Sucedió, pues, que los padres de uno de los crucificados –aprovechando que la
guardia estaba desasistida– descolgaron el cadáver y le rindieron los últimos
honores
mientras el soldado de turno se divertía. Cuando al día siguiente vio la luz sin el
cadáver, temiendo el castigo que le esperaba, corrió a contárselo a la mujer.
–No esperaré la justicia del juez –le dijo–. Yo mismo con mi espada me haré justicia
por mi descuido. Solo te pido un lugar y que el sepulcro sirva para el amigo y para
el marido.
–No quieran los dioses –le contestó la mujer, tan piadosa como honesta– que tenga
que presenciar yo al mismo tiempo el funeral de los dos hombres para mí más
queridos. Prefiero colgar al muerto que matar al vivo.

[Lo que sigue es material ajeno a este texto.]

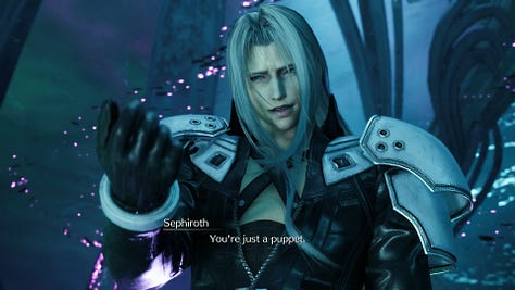 In the original game, Sephiroth, or rather Jenova, calls Cloud a puppet just after defeating Jenova LIFE. In Rebirth, Sephiroth, whose image is overlaid over either another black-robed figure or Jenova’s body itself, calls Cloud a puppet before the battle against Jenova Lifeclinger begins.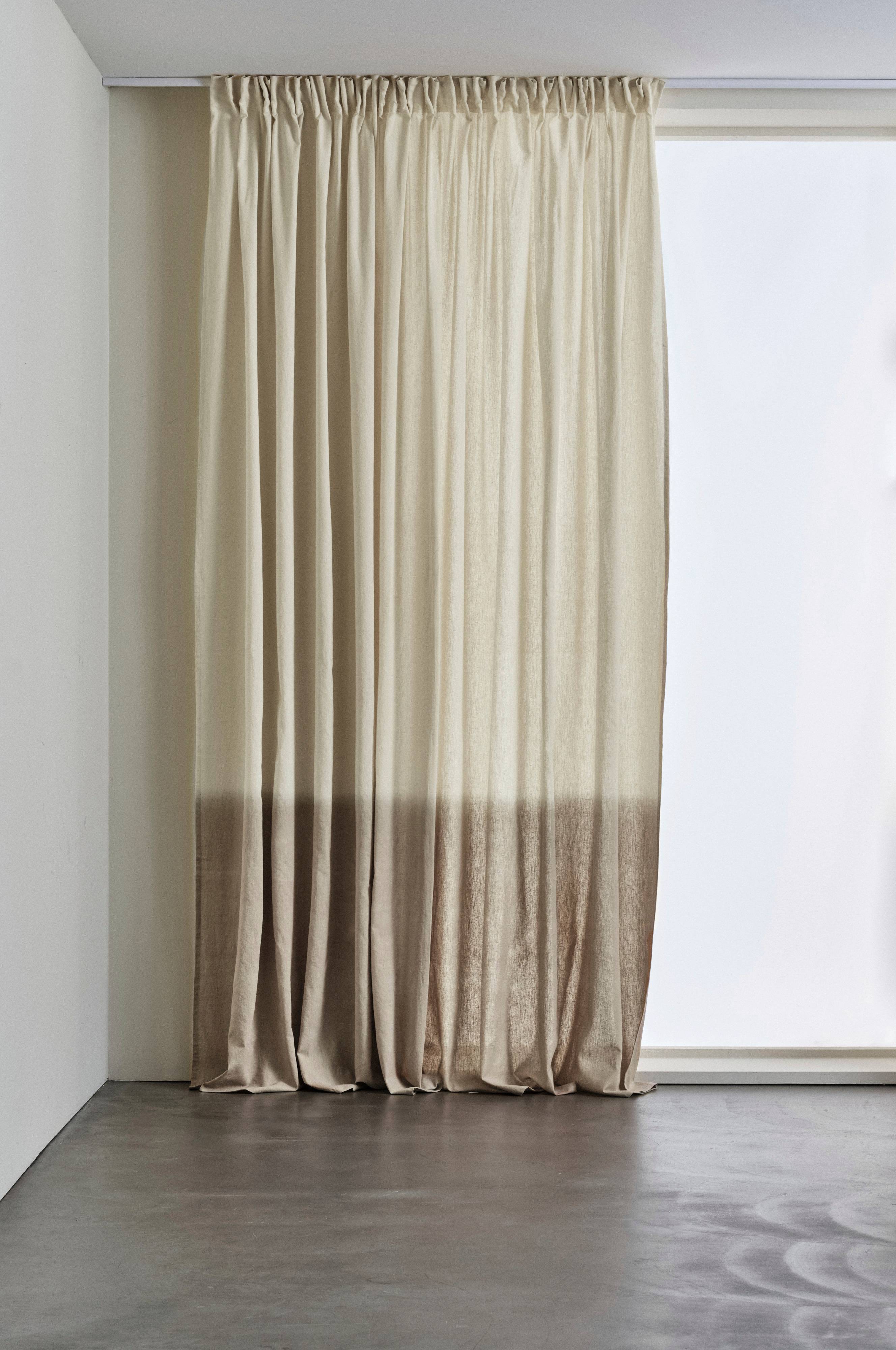 En gardinlängd av bomull och lin i fin kombination, tyget har lätt linnestruktur. Gardinlängden är härligt färgad med avvikande nyans nedtill, den diffusa övergången ger skön batikkänsla. Den extra breda längden har påsytt multifunktionsband. Gardinen kan hängas upp med fingerkrokar, kanal samt dold hälla.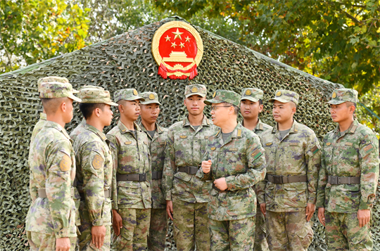 圖為10月25日,合肥軍事法院院長何南杰(右四)與基層官兵分享交流學(xué)習(xí)心得。

Y de acuerdo con estas palabras mandó sacar del ataúd el cadáver de su marido y
clavarlo en la cruz que quedaba libre. El soldado puso en práctica la idea de aquella
mujer tan sagaz. Y al día siguiente, el pueblo se preguntaba maravillado cómo un
muerto se habría subido a la cruz.
Petronio, Satiricón, 110, 6 - 112, 8
4. Estructura y análisis
El Satiricón es la primera novela en el ámbito occidental, de la que se conservan
algunos libros y fragmentos. Es una obra de amor, de aventuras y de viaje, que incluye
relatos costumbristas, cuentos populares, crítica literaria, etc. El texto que comentamos
participa de los rasgos generales de la novela romana, que a diferencia de la novela
griega, se adentra en situaciones más propias de lo que hoy conocemos como realismo,
antes que en la clásica novela de aventura o de evasión.
Participando de las características de la novela romana en las que se retratan más
antihéroes que héroes, Petronio narra cómo la viuda finalmente cede a la tentación de la
comida y del trato carnal; y llega a más cuando, por evitar la muerte de su nuevo
amante, prefiere sacar del ataúd al marido muerto y colgarlo en el lugar en el que se
encontraba el ladrón; lo podemos encontrar en los últimos párrafo del texto, cuando
afirma “Prefiero colgar al muerto que matar al vivo”.
Los estereotipos relativos a la condición femenina, se hallan en el primer párrafo:
“Comenzó a ironizar a costa de la frivolidad de las mujeres: Se enamoran muy
fácilmente y se olvidan muy pronto hasta de los hijos. Llegó a afirmar que no hay mujer
tan honesta que, bajo cualquier pasión extraña, no cometa desvaríos”.
5. Comentario crítico
Dentro de la selección de textos de autores latinos para el presente comentario, me
llama la atención que tanto el de Petronio (La viuda de Éfeso), como los dos textos de
los libros de El Asno de oro, de Apuleyo (La adúltera, el amante, la alcahueta y el
burro, y La señora de Corinto), destacan por señalar a la mujer como portadora
exclusiva de los mayores vicios y los peores males. Resulta evidente que el incipiente
género de la época se encontraba dominado por hombres que reproducían la miope
visión de éstos acerca de la mujer, representada por estereotipos que dan por sentada su
falta de honestidad o decencia, así como su propensión a la lascivia. Hoy, Petronio o
Apuleyo no contarían con editorial donde publicar y, de encontrar alguna que se
arriesgase a la aventura, tendrían que salir de inmediato a disculparse ante la opinión
pública y aclarar que ofender a la mujer no estaba entre sus intenciones.
Hecha esta apreciación, al texto no puede negársele su capacidad de entretener al lector,
finalidad que en este caso es lo que perseguía y aún hoy persigue este género
literario que aparece de manera definida en el siglo I d.C. con la novela romana.